==== GIVEN MATERIAL

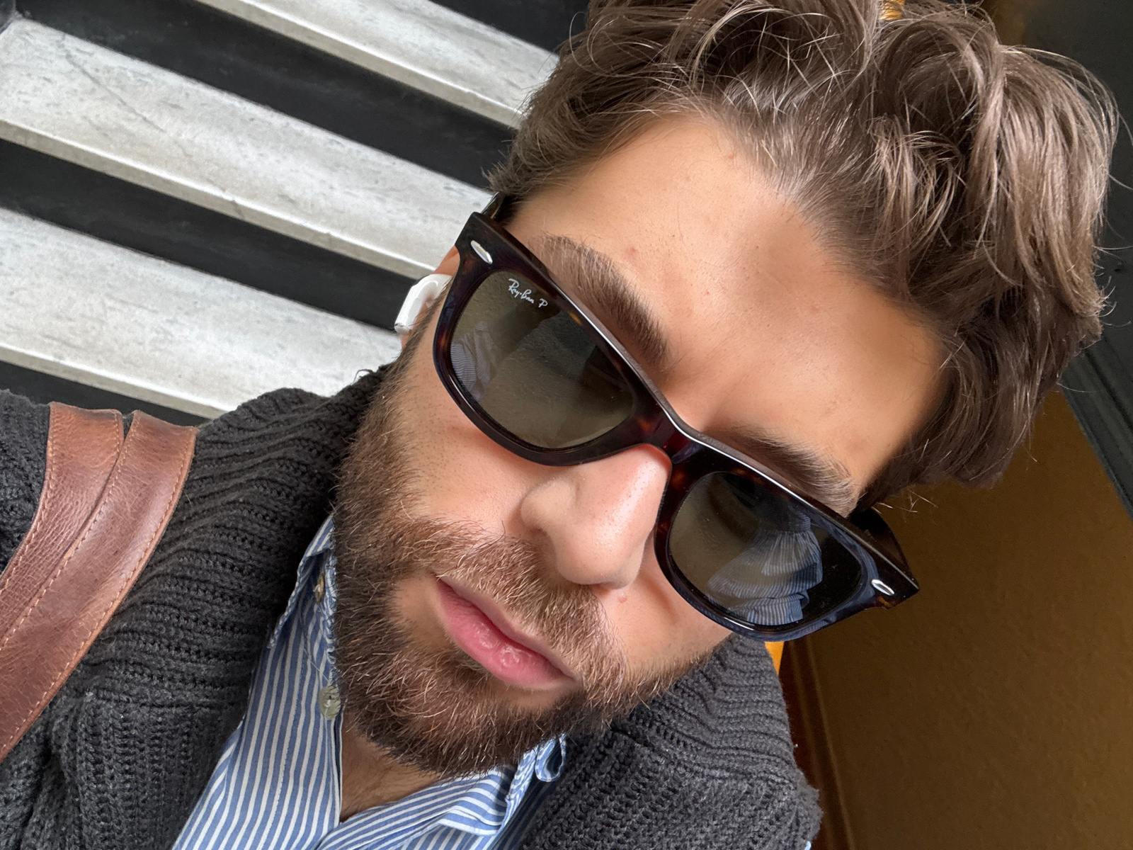 The image is an upward-angled, close-up portrait of a man, possibly taken in Montreal, Canada. His head is tilted back, and he is looking directly towards the camera. He has a full, neatly trimmed broβ¦read more
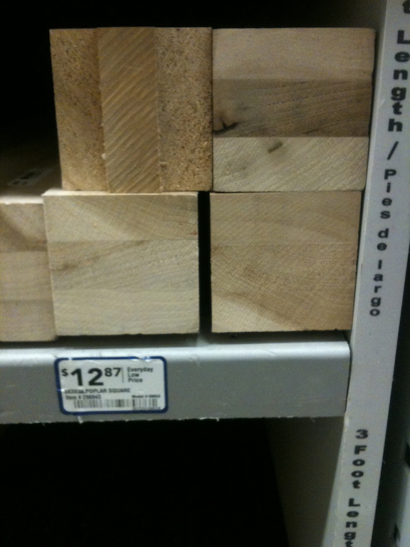 In the specialty wood section I found pre-laminated pieces of 3X3 inch poplar, 36 inches long. They also carried the same size of wood in oak for around $5 more per piece. Go for the oak if you’re flush with cash but be warned, if you’re using hand tools you’re looking at more work. They also carried 1X3 in poplar which I needed to build up the size of the hammer head and provide some extra strength. (Click on the thumbnails to see the full sized image.)
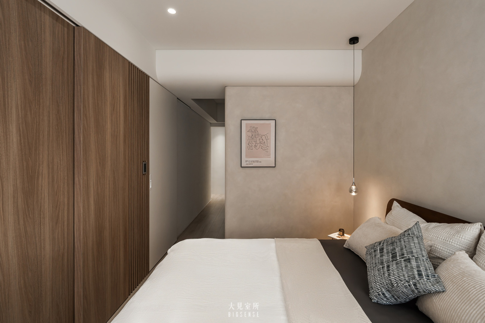 牆面選擇天然礦物塗料,不僅營造質樸氛圍,也能讓空間更具延伸感,形成內斂而安定的視覺語言;床尾的設計用隱藏門解決床對廁所的問題,也順勢規劃了 二次汙衣收納區,讓動線更順,使用起來更直覺。

========

### ACTIVITY:
Transcribe word for word only the lines from the one with "In the specialty" through the end of the listing; every picture is to be omitted.

### FINISHED EXERCISE:
 In the specialty wood section I found pre-laminated pieces of 3X3 inch poplar, 36 inches long. They also carried the same size of wood in oak for around $5 more per piece. Go for the oak if you’re flush with cash but be warned, if you’re using hand tools you’re looking at more work. They also carried 1X3 in poplar which I needed to build up the size of the hammer head and provide some extra strength. (Click on the thumbnails to see the full sized image.)
 牆面選擇天然礦物塗料,不僅營造質樸氛圍,也能讓空間更具延伸感,形成內斂而安定的視覺語言;床尾的設計用隱藏門解決床對廁所的問題,也順勢規劃了 二次汙衣收納區,讓動線更順,使用起來更直覺。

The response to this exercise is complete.